*Activity:* Your copy should match the listing below word for word, with no images in it.

*Provided material:*

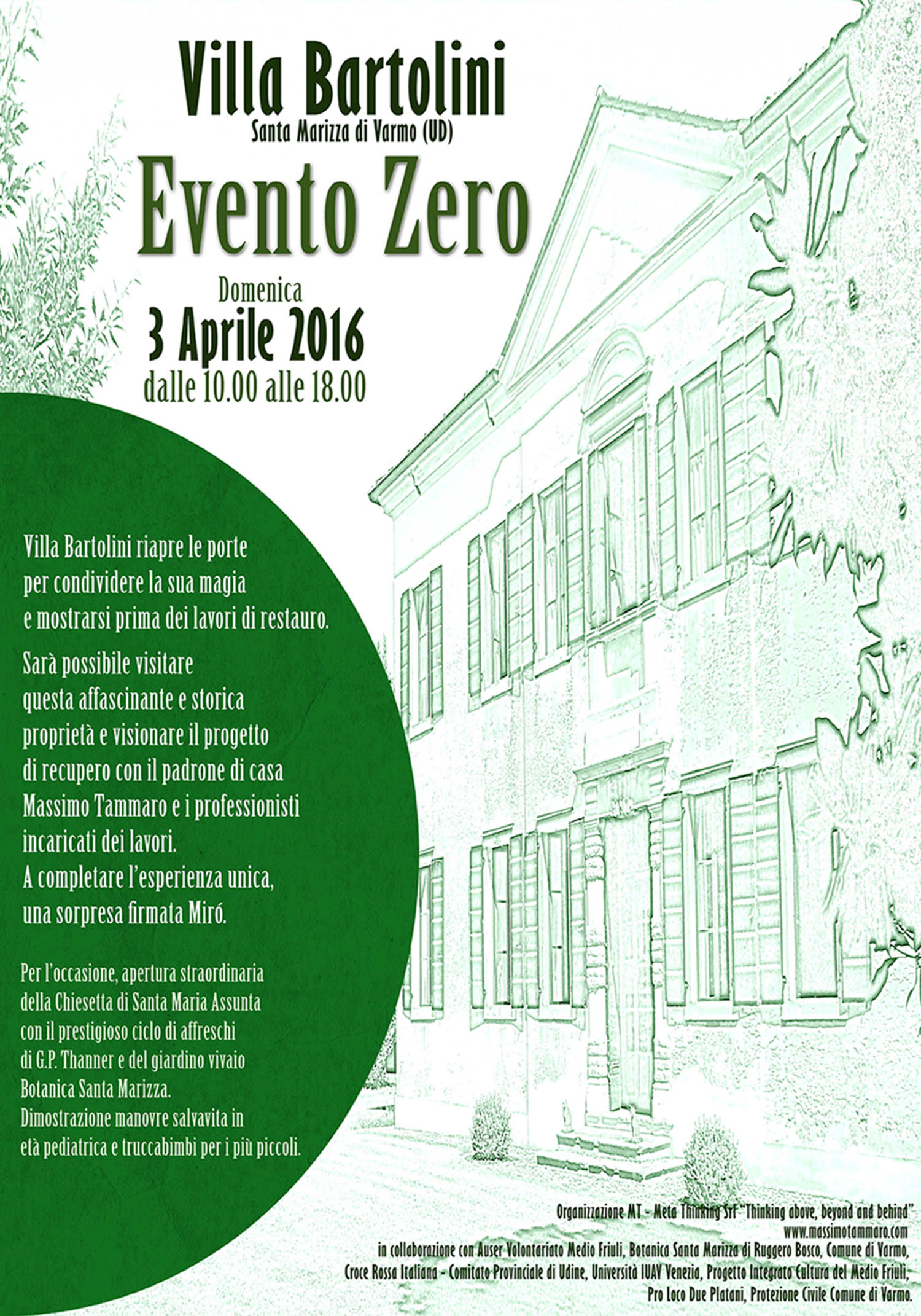 L'ex comandante delle Frecce Tricolori e oggi ideatore e fondatore di MT-Meta Thinking, società nata anche per una gestione innovativa di Villa Bartolini, con lo slogan coniato “thinking above, beyond, behind" ben evidenzia gli scopi della manifestazione EVENTO ZERO – VILLA BARTOLINI che avrà luogo domenica 3 Aprile 2016, dalle ore 10.00 alle ore 18.00, a Santa Marizza di Varmo: un’occasione unica per visitare l’affascinante e storica proprietà e il suo parco con la guida dei professionisti incaricati dei lavori che la riporteranno ai suoi antichi splendori.
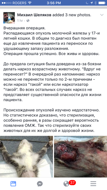 Распадающаяся опухоль молочной железы у 17-и летней кошки. В общем то диагноз был понятен еще до извлечения пациента из переноски по удушающему запаху разложения.
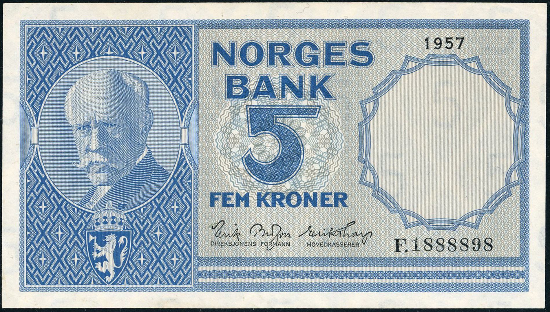 5 kroner 1957, serie F.1888898. 0

*Answer to this exercise:*
 L'ex comandante delle Frecce Tricolori e oggi ideatore e fondatore di MT-Meta Thinking, società nata anche per una gestione innovativa di Villa Bartolini, con lo slogan coniato “thinking above, beyond, behind" ben evidenzia gli scopi della manifestazione EVENTO ZERO – VILLA BARTOLINI che avrà luogo domenica 3 Aprile 2016, dalle ore 10.00 alle ore 18.00, a Santa Marizza di Varmo: un’occasione unica per visitare l’affascinante e storica proprietà e il suo parco con la guida dei professionisti incaricati dei lavori che la riporteranno ai suoi antichi splendori.
 Распадающаяся опухоль молочной железы у 17-и летней кошки. В общем то диагноз был понятен еще до извлечения пациента из переноски по удушающему запаху разложения.
 5 kroner 1957, serie F.1888898. 0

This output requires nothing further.